• _Work required_: The answer is the line with "Achat – elegante Farbkomposition" and every line after it to the end of the listing, retyped exactly. Pictures do not belong in it.

-------- Dataset content --------

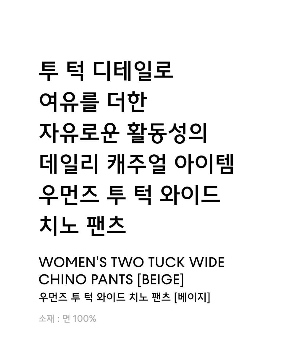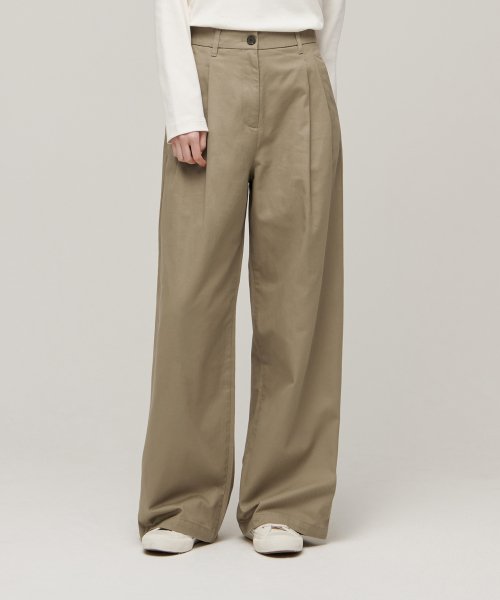 우먼즈 투 턱 와이드 치노 팬츠 [베이지]
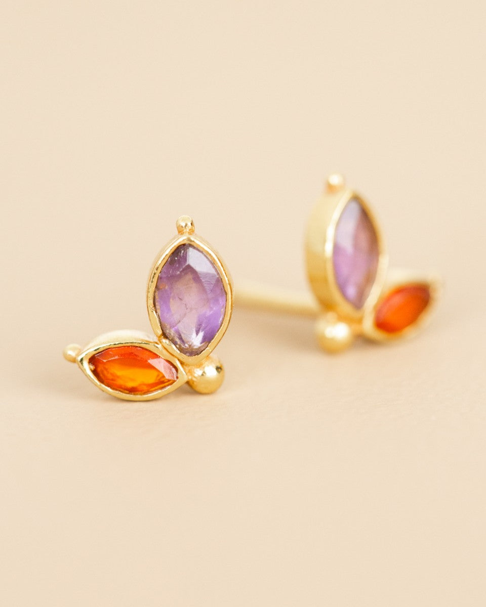 Vergoldete Ohrstecker „Butterfly“ mit Amethyst & rotem Achat – elegante Farbkomposition
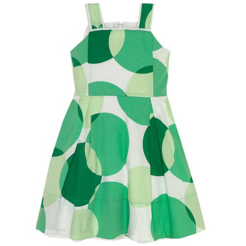 Connect the dots with this fun fashion favorite![*-In circle-styled, crisp 100% cotton poplin*-Pullover style has a hidden zipper closure and self-tying sash in back*-Detailed with grosgrain taping at neckline and straps*-Fashioned with inverted pleats in front and back*-Cotton voile lining is pieced with nylon tulle to create volume; finished with eyelet trim that peeks out at hem*-Imported]

--------

• _Solved exercise_:
 Vergoldete Ohrstecker „Butterfly“ mit Amethyst & rotem Achat – elegante Farbkomposition
 Connect the dots with this fun fashion favorite![*-In circle-styled, crisp 100% cotton poplin*-Pullover style has a hidden zipper closure and self-tying sash in back*-Detailed with grosgrain taping at neckline and straps*-Fashioned with inverted pleats in front and back*-Cotton voile lining is pieced with nylon tulle to create volume; finished with eyelet trim that peeks out at hem*-Imported]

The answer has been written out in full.